With the improvement in multi-core processor technology, the demand of application performance also increased. Delivering high performance to an application requires more processing speed from multicore-processors which increases the power consumption.
As the power has become the main metric for modern high performance computing, the researcher and system architect are proposing heterogeneous multi-core processing system that combine a multi-core processors with hardware accelerators or co-processor.
These accelerators improve the performance of compute intensive application by executing a certain task. Over the past few decades, FPGA-based accelerators gives the considerable improvement in performance and power efficiency
make them attractive to high performance computing world. The flexibility of achieving higher performance per watt prove that FPGA is capable to compete both super scalar and GPU accelerators, especially for high performance computing applications.
In recent years the embedded processor’s ARM based-servers has gained popularity in academia and industry due to low-cost and low power consumption compared to conventional processors. The computational capability of ARM embedded processors is not like other x86 architectures processors in server environments but according to a recent research, their market share will be expected to rise 25% in 2020. ARM based-Server is favorable for applications that need high throughput instead of computing power.

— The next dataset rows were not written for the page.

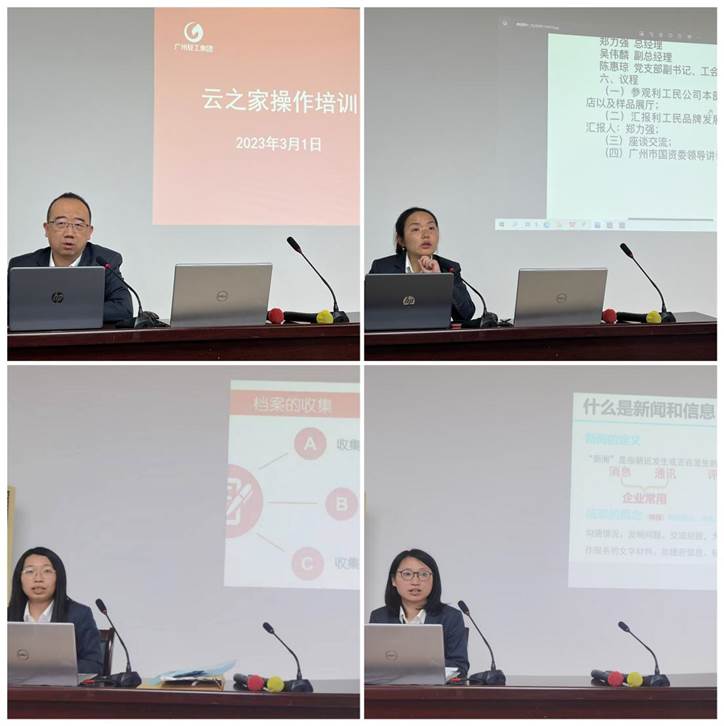 信息中心主任吴华刚详细讲解了云之家OA系统操作流程,为即将启用新OA奠定基础;办公室主任兼利工民党支部书记刘妍主讲办公会务知识。她结合近日利工民接待市国资委调研安排,详细讲述了会务工作的重点;办公室唐雪萍围绕新闻和信息两个元素,阐述撰写宣传稿件的要点,为提升写作水平明晰思路;办公室周洁娴讲解了档案收集和汇总的注意事项,对公司档案管理工作有指导意义。期间,员工积极互动,气氛热烈。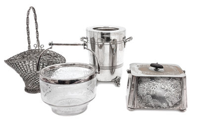 comprising 1 etched crystal silver mounted bowl with pierced cover, 1 James Shaw and Fisher box with cover and lift handle, 1 covered wine cooler, and 1 silvered wire basket.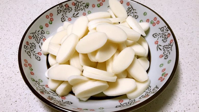 8. 把年糕切成小片,锅内加入冷水烧开后放入年糕,煮2分钟

Therefore, due to hardware level reconfigurable and capacity of high performance computing the FPGAs gets focus to basically replace ASIC accelerators for high performance computing. The UCERD Pvt Ltd Islamabad (Supercomputing Team) has proposed and built up an FPGA-Powered Supercomputer. The Supercomputer utilizes five Zynq SoCs figure hubs and an Intel ace hub.
The structured framework utilizes message passing interface libraries for the correspondence between register hubs while AXI4-stream interfaces between the ARM processor and FPGA inside a figure hub. The system is able to take advantage of parallelism by executing high performance computing applications. The implementation of FIR filter application on system shows that the computational capability of ARM processor is increased by integrating FPGA accelerator to execute the compute-intensive portion of the application.
The performance of four compute-nodes of ARM processors with FPGA accelerator is 8.56 times which is higher than the performance of multiple nodes without accelerators. The supercomputer architecture of Zynq SoCs shows that with the advancement of processor technologies will decrease the gap between embedded processor and conventional processor in future high performance supercomputing.
In the past a number of heterogeneous architecture platforms are proposed. These platforms provide a foundation to FPGA to integrate with other conventional processors for the acceleration of high performance applications. The following research work promise an opportunity for FPGA-based accelerators with others computing units. Cray XD1 supercomputer, The Berkeley Emulation Engine 2 BEE2 and Maxwell project used FPGA as the only computing elements in their supercomputing cluster for application acceleration.
In 2008, the Convey Computer Corporation designed heterogonous computing platform that combines one or more x86 processors with FPGA-based application accelerator. The Convey Hybridcore HC-1 was the first product consist of Intel Xeon host processor and Xilinx Vertex FPGAs as a coprocessor. Tsoi. K. H presented a heterogeneous computer cluster known as Axle, consist of AMD Phenom Quad-core CPU, Nvidia GPU and a Xilinx Virtex-5 FPGA attached on a PCI bus as an accelerator for the simulation process of N-body algorithm.
George. A. et al. implemented a machine called Novo-G supercomputer made from 24 compute nodes with quad-core Xeon processor mounted on two PCI x8 PROCstar-III accelerator boards. Each board comprises four Startix-III E260 FPGAs from Altera.
Moreover, the following research works proposing FPGA-based accelerators with embedded processors. Lin Z. demonstrated an FPGA-based Hadoop cluster made of 8 computing nodes of Xilinx Zynq SoC called ZCluster. The aim of ZCluster to build a Hadoop cluster to increase the computing capabilities of ARM processors with the used of reconfigurable hardware accelerators.
Moorthy P. built up a cluster of 32-nodes of Xilinx Zynq SoC chips. The main objective of the 32-nodes cluster to assess the energy efficiency of hybrid SoC for fast mapping of parallel graph algorithms like neural network simulation. Bai X. et al. designed a cluster of 48-compute nodes and each computes node composed of Xilinx Zynq SoC chips.
The hybrid architectures provide a platform for ARM CPU merge with FPGA reconfigurable hardware. A non-subtraction Montgomery and Chines Reminder Theorem algorithms are implemented to test the performance of hybrid architectures platforms.
The above describe research works shows that researcher and system architects have made a great contribution to used FPGA-based accelerators with conventional processors as well with embedded processors for processing of high performance computing applications.